Artificial intelligence (AI) has been used in numerous applications, especially in complex or uncertain situations. AI algorithms analyze large amounts of data, identify patterns, and make predictions and recommendations. Some common areas where AI has been successfully applied include image and speech recognition, natural language processing, virtual assistants, autonomous vehicles, fraud detection, and medical diagnosis. In all these areas, AI has demonstrated the ability to handle vast amounts of complex and heterogeneous data, identify relevant features and patterns, and provide useful insights and predictions. In this direction, Huang et. al. produced an artificial neural network to simulate the pulsating Green’s function [23]. Li et. al. suggested a machine learning (ML) approach for the prediction of the singular integrals using the boundary element method. Five ML techniques were examined in [24]. In the same stream, Abidou et. al. constructed a radial basis function model for simulating the removal of material in laser drilling [25]. Fuzzy modeling has been proven a superior predicting method in various engineering applications [26].

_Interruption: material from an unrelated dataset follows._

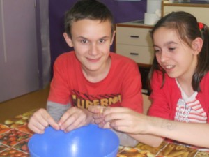 Repartirm la barreja a 4 copes i ho posem a la nevera. Pelem els kiwis i els tallem a rodanxes i/o triangles.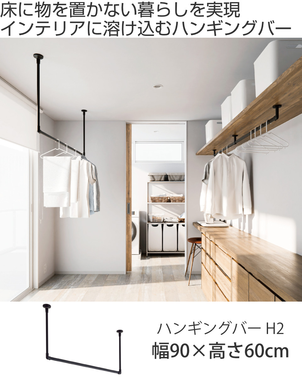 モノトーンのハンギングバーは、マットな質感に仕上げられているためインテリア性が高く、ランドリーやリビング、ウォークインクローゼットなどへも設置できます。洗濯物を干す用途だけでなく、収納スペースの確保やディスプレイバーとしての使用もお勧めです。

The current research aims to suggest a methodology to increase the power density of microfluidic FC. Firstly, an effective fuzzy model is built to simulate microfluidic FC. The considered controlling parameter variables are the concentration of glycerol, the loading of the anode electrocatalyst, the concentration of anode electrolyte, and the concentration of the cathode electrolyte. Next, the best rates of the input variables that increase the power density of the microfluidic FC are estimated by applying the jellyfish search optimizer (JSO). The algorithm mimics the collective behavior of jellyfish, including their following of ocean currents, active and passive motions within a swarm, and converging into a jellyfish bloom. The contributions of this paper are drawn as follows:

• A reliable fuzzy model is constructed to model the microfluidic FC.
• A new application of the jellyfish search optimizer is finding the optimal operating parameters of microfluidic FC operated with environmental glycerol.
• The power density of microfluidic FC is increased.
• The results are compared with those obtained by Ref. [21].

2. Methodology

In this paper, the suggested strategy involves two stages. Based on the measured data, a power density model using fuzzy logic will be established in the first stage. Whereas in the second step, the parameter identification process will be done by JSO to determine the optimal values of glycerol concentration, the loading of the anode electrocatalyst, the concentration of anode electrolyte, and the concentration of the cathode electrolyte for maximization of the power output of the MFC. Finally, the results are compared with those obtained by Ref. [21].

2.1. Dataset

The Pd-Pt electrocatalysts with weight ratios of 16:4 were synthesized using PdCl₂ and H₂PtCl₆·6H₂O as precursors, as mentioned in [21]. A definite amount of the synthesized electrocatalyst was mixed with isopropanol, PTFE dispersion, Nafion@dispersion, and activated carbon/acetylene black carbon (C_AB) to form the catalyst ink. Then the catalyst ink was painted on the surface of carbon paper (gas diffusion layer). Finally, the Ni mesh (current collector), the carbon paper, and the catalyst layer were hot-pressed (at 70 °C and 10 kg/cm² for 30 s), as can be seen in Figure 1. The prepared anode was dried and activated to open the blocked pores and examined as in the T-shaped air-breathing MFC [21,27]. A four-layered cathode composed of Pt catalyst (40 wt.%), carbon paper, Ni mesh (current collector),t and PTFE named Pt_HSA was fabricated similarly [27]. The dimension of both the anode and cathode was (3 mm × 30 mm). The loading of the anodic catalyst ranged from 0.5 to 1.5 mg/cm²; glycerol fuel concentration ranged from 0.5 to 2 M; and the concentration of anode and cathode electrolytes varied from 1 to 2 M and from 0.25 to 0.27 M, respectively. The loading of the cathodic catalyst was maintained at 1 mg/cm² for all experiments. All experiments were performed at 1 atm and 35 °C using cathode catalyst loading of 1 mg/cm²; more experimental details were allocated in [21].

2.2. Fuzzy Model of MFC

As explained in Figure 2, there are three main stages during the building the fuzzy model [28]. (1) Fuzzyfication: In this stage, the crisp input variables are converted into fuzzy variables using membership functions. The choice of membership function depends on the nature of the input variables and the problem being addressed. (2) Fuzzy inference: In this stage, fuzzy logic rules are defined to determine how the input variables relate to the output variables. Fuzzy inference uses the fuzzy rules and the fuzzy variables to produce a crisp output value. (3) Defuzzyfication: In this stage, the crisp output value obtained from the fuzzy inference stage is converted back to a fuzzy variable using a defuzzyfication method. The most commonly used method for defuzzyfication is the centroid method, which calculates the center of gravity of the fuzzy output variable to represent the crisp output value. Other defuzzyfication methods include the height method, mean of maximum method, and weighted average method.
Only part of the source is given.